Although he largely played nose tackle in college, Oliver would excel in the Falcons' aggressive one-gap scheme that utilizes a variety of twists and stunts. At this point, Oliver would be a greater asset rushing the passer than stopping the run, but Falcons coach Dan Quinn wants players who can get to the quarterback. With 13.5 sacks and 53 tackles for a loss in college, Oliver has proven difficult for offenses to keep out of the backfield.


Jeffery Simmons, DT, Mississippi State

Why he fits: An off-field incident in 2016 could hurt Jeffery Simmons' chances of landing in Atlanta, but if the Falcons do decide to select the Mississippi State product, he's got a lot to offer on the field. Simmons is a long and disruptive player who is versatile and could become a three-down defender with more refinement.

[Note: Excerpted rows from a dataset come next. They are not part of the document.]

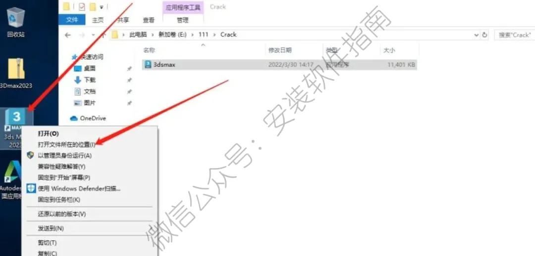 9、回到文件夹打开“Crack”文件夹选中“3dsmax.exe”,复制,选中桌面的3dmax2023,右键,选中“打开文件所在位置”,然后粘贴,选择“替换目标中的文件”!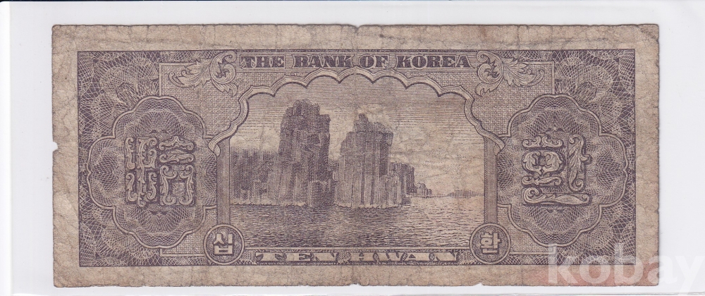 - 한국은행 1956 신 10환 백색지 사용제 지폐 입니다.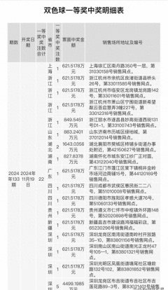 双色球 彩票 三等奖 2024/11/22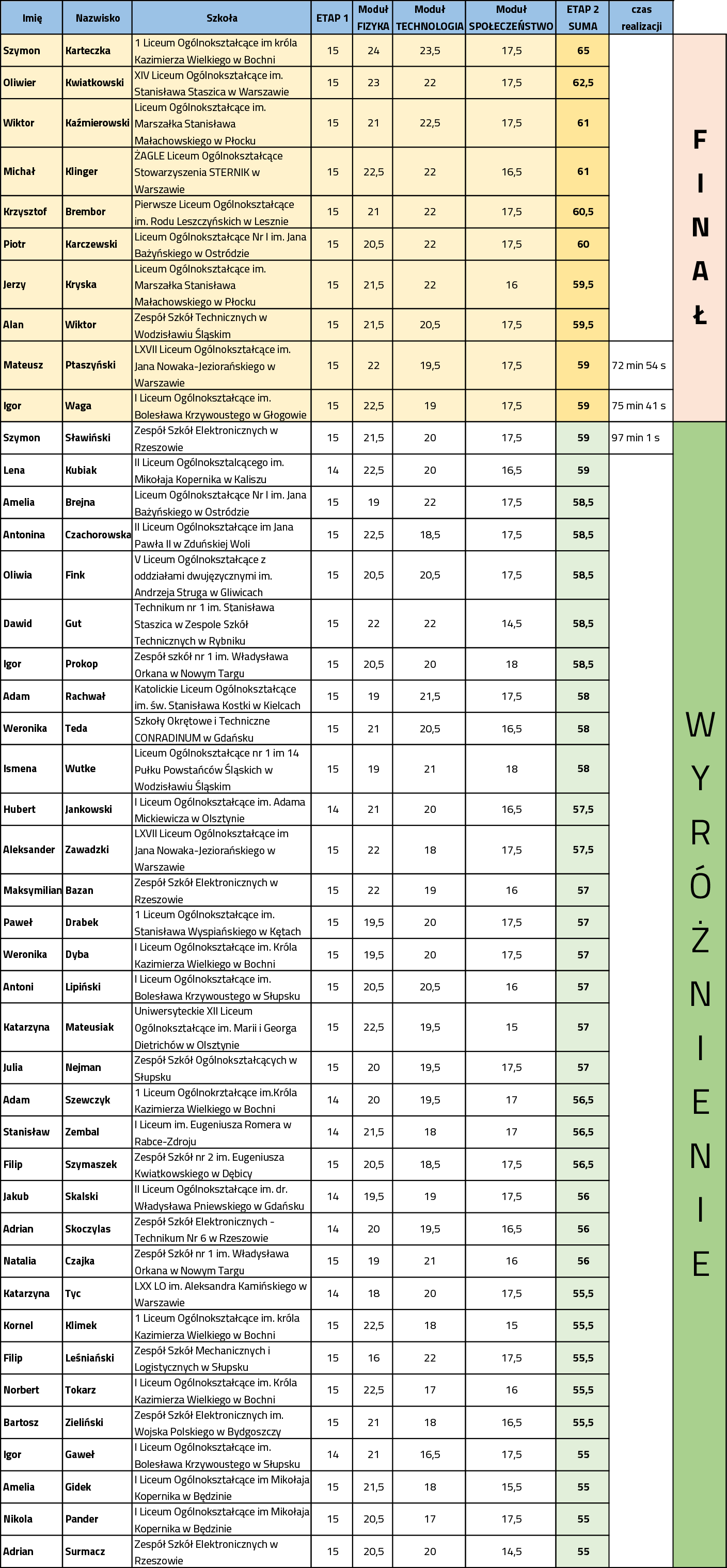 - Pytania zamknięte oceniane są automatycznie, krótkie pytania otwarte ocenia Komisja Konkursowa. Wynik Etapu 2 to suma punktów z trzech modułów i on decyduje o miejscu w rankingu do finału (szczegóły remisów – patrz Regulamin, §4 i §5).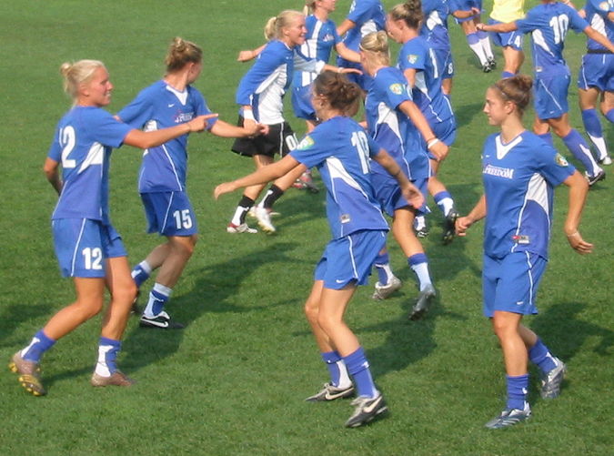 Ali Andrzejewski (far left) and Katie Watson (far right) when they were playing for the 2007 W-League Champion Washington Freedom.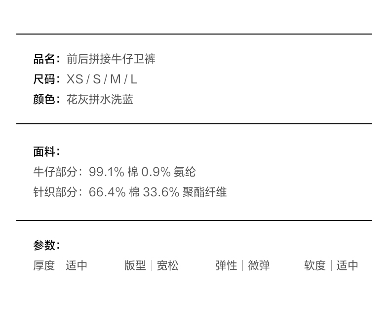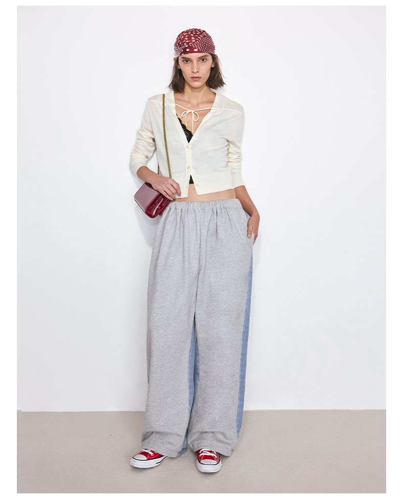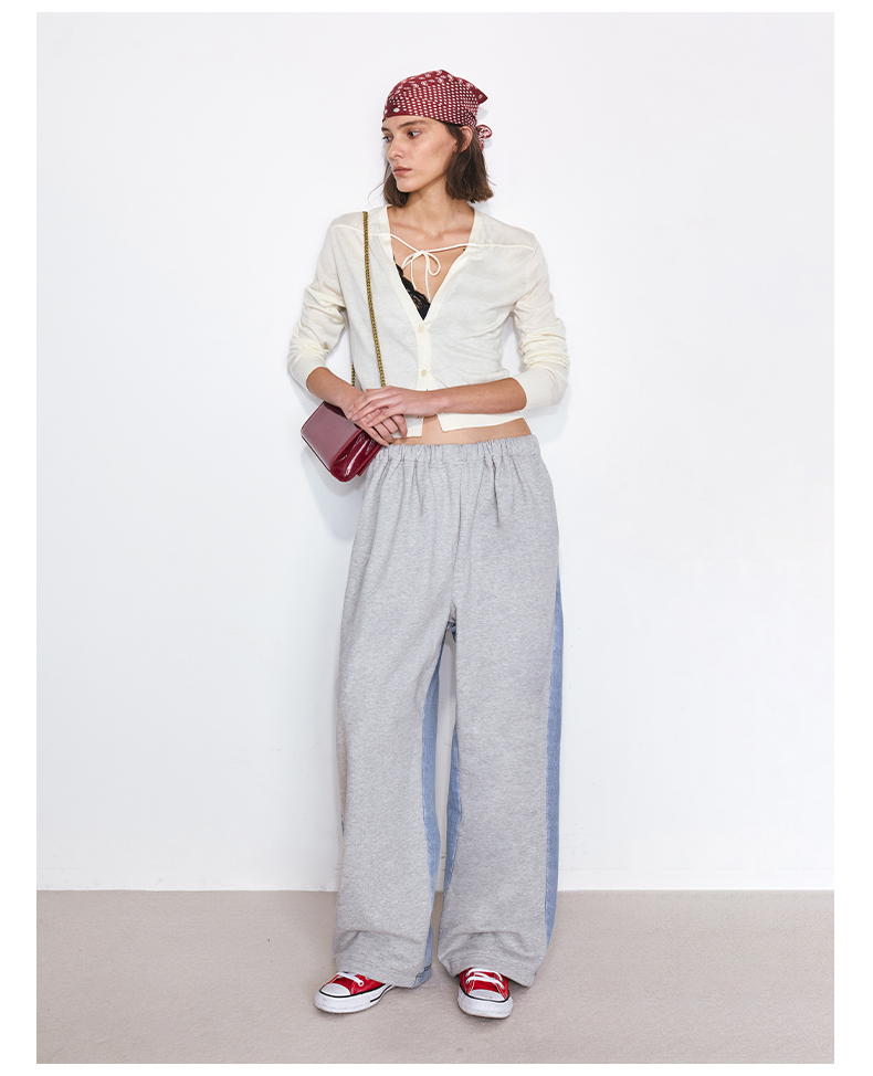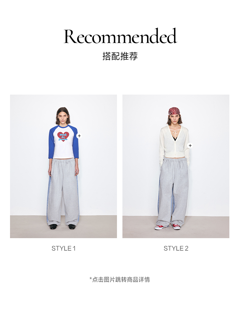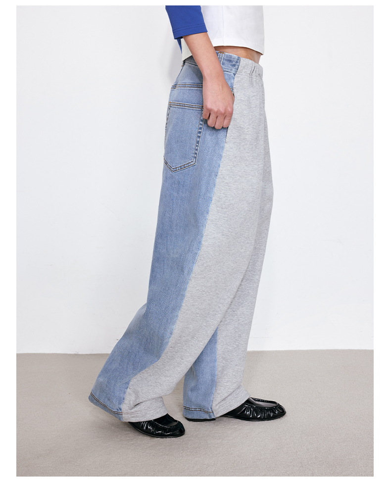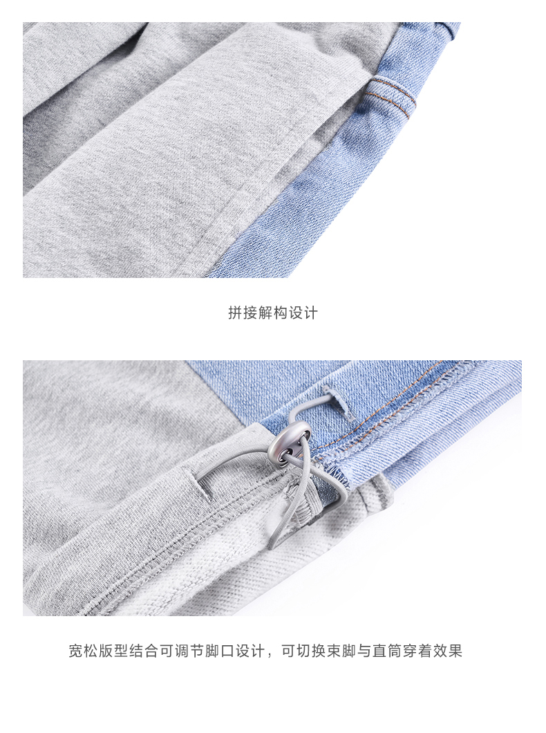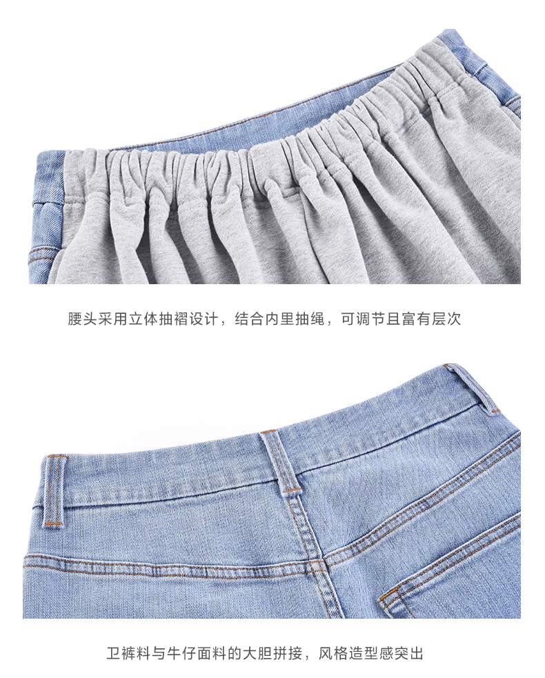 NUTH宽松牛仔拼接可束脚抽绳卫裤女 花灰拼水洗蓝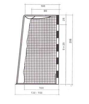 Внутренне размеры ворот: ширина 3м и высота 2м (Диаграмма 2а и 2б). Ворота должны быть жестко закреплены в песке, но крепления ни в коей мере не должны представлять опасность для игроков.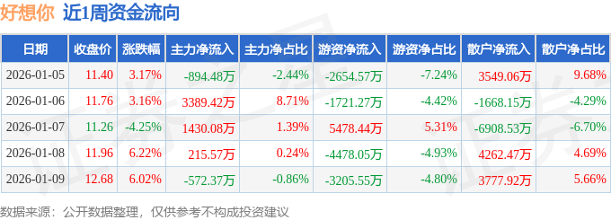 资金流向数据方面,本周好想你主力资金合计净流入3568.23万元,游资资金合计净流出6581.0万元,散户资金合计净流入3012.78万元。本周资金流向一览见下表: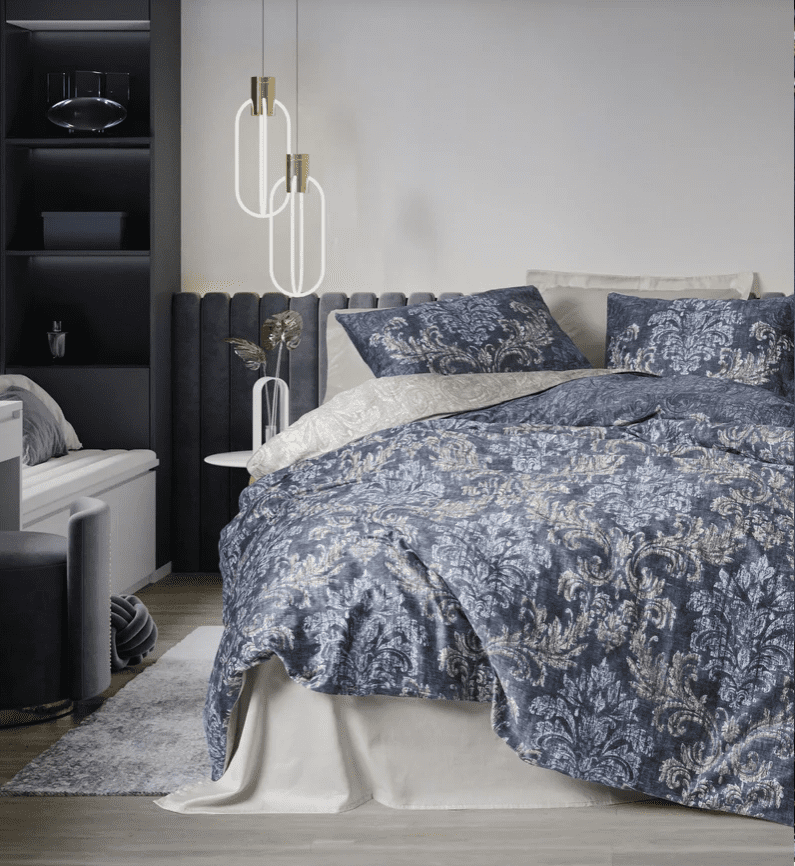 Изисканият стоманено син тон, съчетан с богат орнаментален десен, създава усещане за дълбочина, спокойствие и фина луксозна атмосфера.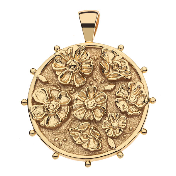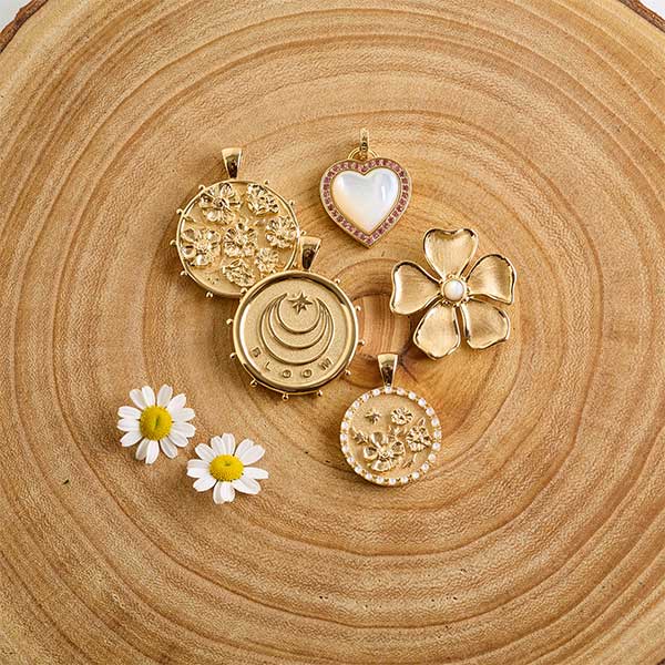 The Jane Win x Barbara Bush Foundation for Family Literacy collaboration, known as Bloom, features a peony, a heart, and two flower-embellished coins. Jane Win founder Jane Winchester Paradis says she focused on the peony for this collection because it was Barbara Bush’s favorite flower.

At 6-foot-4 and 301 pounds, Simmons can explode out of his stance in the blink of an eye. Simmons could stand to clean up his tackling in the NFL, but he's proven to be a player who can create plenty of tackle opportunities for himself. In his three college seasons Simmons recorded 163 tackles, 33 tackles for a loss and seven sacks. Unfortunately, Simmons tore his ACL while preparing for the combine, which may affect his draft stock. When healthy, however, Simmons is a handful.


Christian Wilkins, DT, Clemson

Why he fits: Christian Wilkins may not be as quick off the snap as the previous players on this list, but he's a technical player and a strong competitor. Wilkins already has a number of pass-rush moves at his disposal that should help him become a contributor for an NFL team sooner rather than later. He was a versatile lineman in college and could play multiple spots at the next level.

During his career at Clemson, the 6-foot-3, 312-pound Wilkins registered 192 tackles, 40.5 tackles for a loss, 16 sacks and 15 pass defenses. Wilkins' excellence in the classroom and impact in the community were praised while he was in college. While he may not be at the level of some of the top pass-rushing defensive tackles in this class, Wilkins was plenty productive in that area at Clemson and brings a lot of tools to the table.


Dre'Mont Jones, DT, Ohio State

Why he fits: Quinn is looking for athletic players who can rush the quarterback? Well, how about this opening sentence from draft analyst Lance Zierlein:

"Jones is an extremely athletic one-gapping three-technique with the ability to play a disruptive brand of football on all three downs."

Jones may not be a name a ton of Falcons fans are familiar with, but he could be a player still on the board in the second round if Atlanta opts to go in another direction with the No. 14 pick. There are many positive things to say about Jones as a run defender, but he truly possesses special first-step quickness and offers a lot of upside as a pass rusher. In his final season at Ohio State, the 6-foot-3, 283-pound defensive tackle recorded 43 tackles, 13 tackles for a loss, 8.5 sacks and two touchdowns.